En théorie, il suffirait de mettre en vente le logement actuel pour en acheter un autre, tout en demandant à sa banque d’avancer les fonds pour la nouvelle acquisition ; c’est ce que l’on appelle un crédit relais. Mais le raisonnement de l’organisme de  financement est beaucoup plus complexe.
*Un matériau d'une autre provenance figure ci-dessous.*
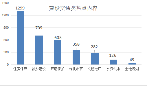 1.建设交通类诉求共3428件,其中住房保障诉求居多,共1299件,占比37.89%;城乡建设709件,占比20.68%;环境保护605件,占比17.65%;绿化市容358件,占比10.44%;交通港口282件,占比8.23%;水务供水126件,占比3.68%;土地规划49件,占比1.43%。

Il faut tenir compte de plusieurs paramètres, à savoir :
– Les fonds propres : il faut toujours posséder 20 % du prix d’achat, voire 25 % compte tenu des frais d’acquisition.
– La tenue des charges : le calcul usuel des charges doit être effectué une nouvelle fois, afin de ne pas dépasser le tiers des revenus annuels bruts des emprunteurs.

Ces analyses partent de l’hypothèse que l’ancien bien sera vendu et que seul le nouveau bien devra être assumé, tant en termes de fonds propres qu’en termes de charges mensuelles.

Que se passerait-il si la vente du premier bien prenait du retard ? C’est là qu’intervient le risque, d’une part pour la banque et, d’autre part, pour les demandeurs qui doivent faire face à un risque de non-vente ou d’une vente à bas prix, le marché immobilier réservant parfois de mauvaises surprises. Dans ces conditions, quel est le meilleur moyen pour effectuer cette transition ?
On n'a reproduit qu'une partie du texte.